• **Material provided**
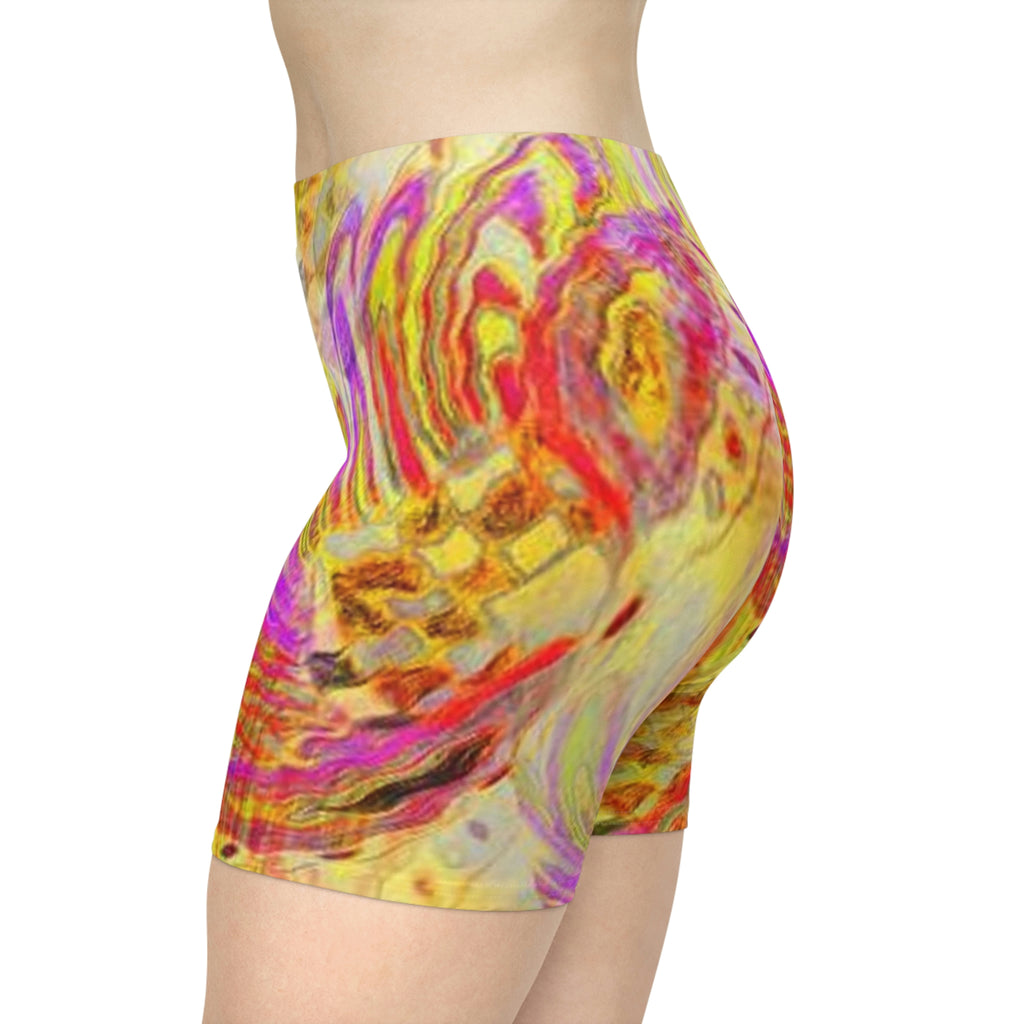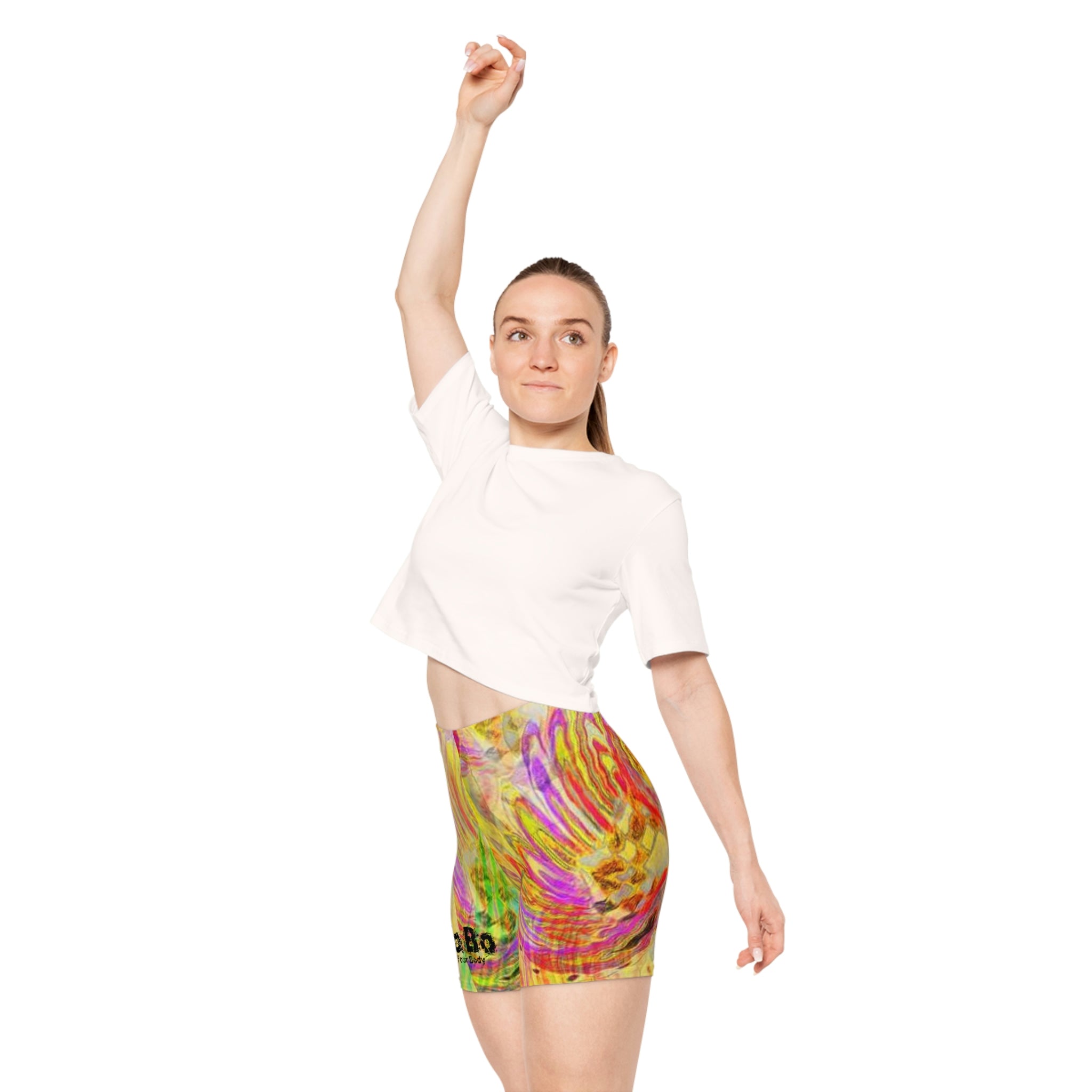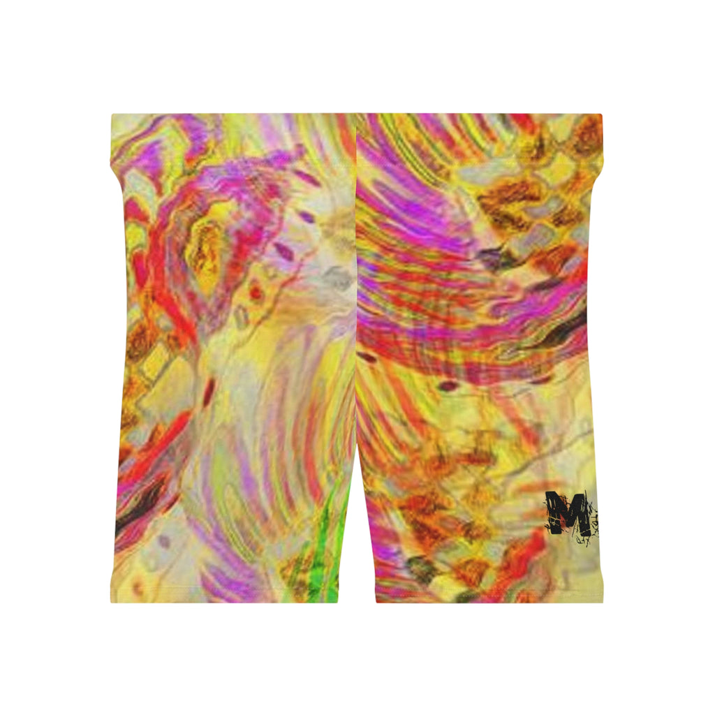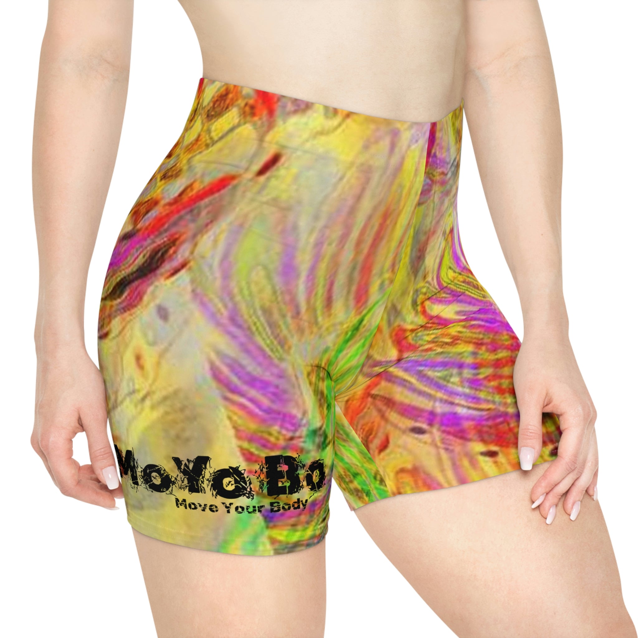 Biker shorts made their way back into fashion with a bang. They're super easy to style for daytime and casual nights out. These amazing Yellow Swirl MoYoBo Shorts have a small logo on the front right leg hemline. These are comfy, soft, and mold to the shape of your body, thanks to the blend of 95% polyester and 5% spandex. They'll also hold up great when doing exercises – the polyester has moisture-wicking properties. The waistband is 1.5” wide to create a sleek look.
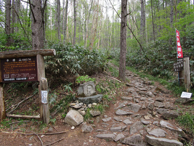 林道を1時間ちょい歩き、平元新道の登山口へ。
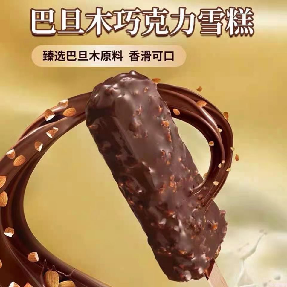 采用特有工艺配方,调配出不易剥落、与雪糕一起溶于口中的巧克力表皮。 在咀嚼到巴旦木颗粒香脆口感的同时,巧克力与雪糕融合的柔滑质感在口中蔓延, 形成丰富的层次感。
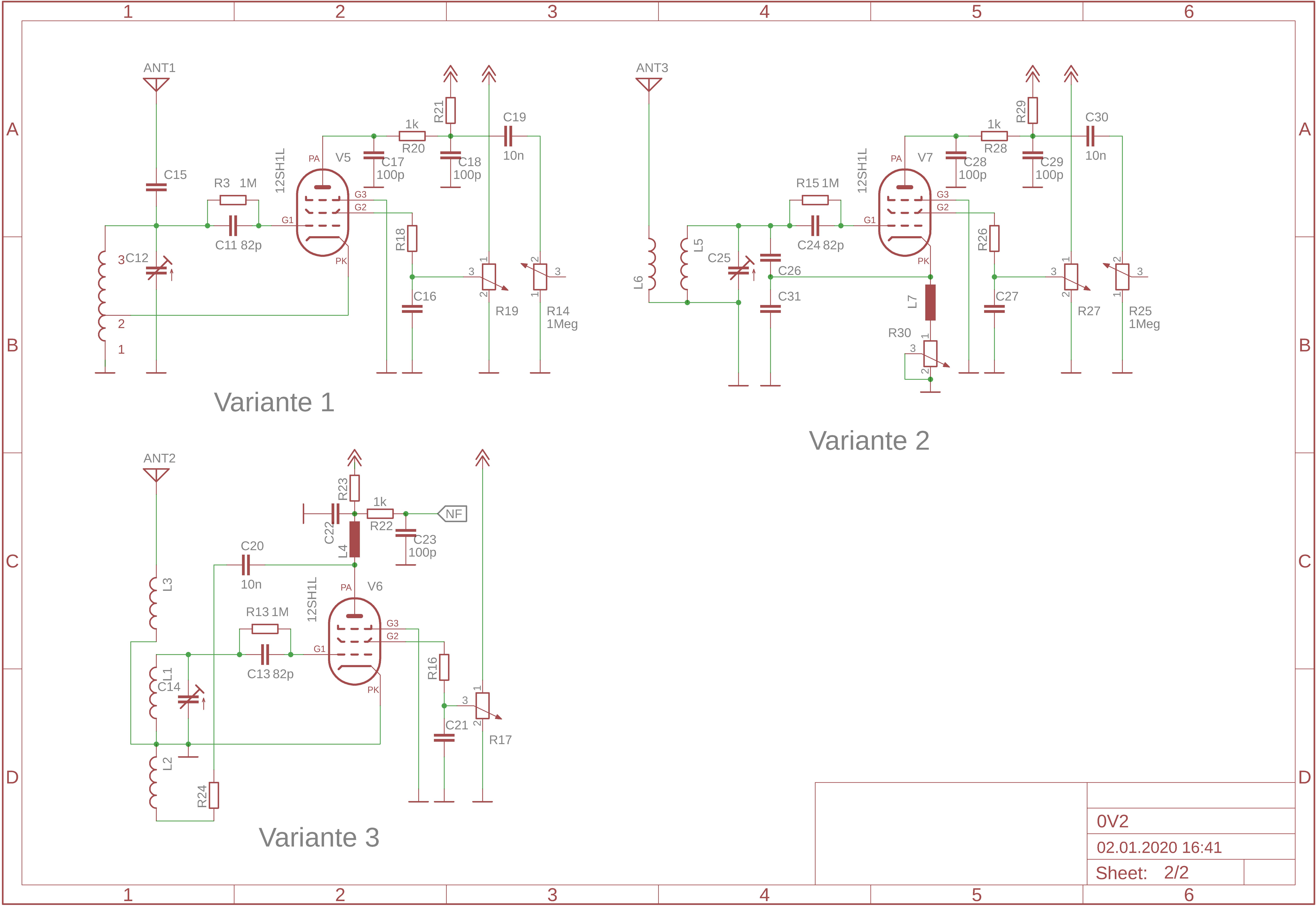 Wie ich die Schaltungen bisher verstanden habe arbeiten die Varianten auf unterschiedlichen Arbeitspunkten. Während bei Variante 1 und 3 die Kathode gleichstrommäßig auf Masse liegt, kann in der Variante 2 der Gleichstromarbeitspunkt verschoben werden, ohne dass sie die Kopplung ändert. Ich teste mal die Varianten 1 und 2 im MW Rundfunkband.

• **Exercise directions**
Would you write out the material above in full, exactly as given, except for its pictures?

• **Reply**
 Biker shorts made their way back into fashion with a bang. They're super easy to style for daytime and casual nights out. These amazing Yellow Swirl MoYoBo Shorts have a small logo on the front right leg hemline. These are comfy, soft, and mold to the shape of your body, thanks to the blend of 95% polyester and 5% spandex. They'll also hold up great when doing exercises – the polyester has moisture-wicking properties. The waistband is 1.5” wide to create a sleek look.
 林道を1時間ちょい歩き、平元新道の登山口へ。
 采用特有工艺配方,调配出不易剥落、与雪糕一起溶于口中的巧克力表皮。 在咀嚼到巴旦木颗粒香脆口感的同时,巧克力与雪糕融合的柔滑质感在口中蔓延, 形成丰富的层次感。
 Wie ich die Schaltungen bisher verstanden habe arbeiten die Varianten auf unterschiedlichen Arbeitspunkten. Während bei Variante 1 und 3 die Kathode gleichstrommäßig auf Masse liegt, kann in der Variante 2 der Gleichstromarbeitspunkt verschoben werden, ohne dass sie die Kopplung ändert. Ich teste mal die Varianten 1 und 2 im MW Rundfunkband.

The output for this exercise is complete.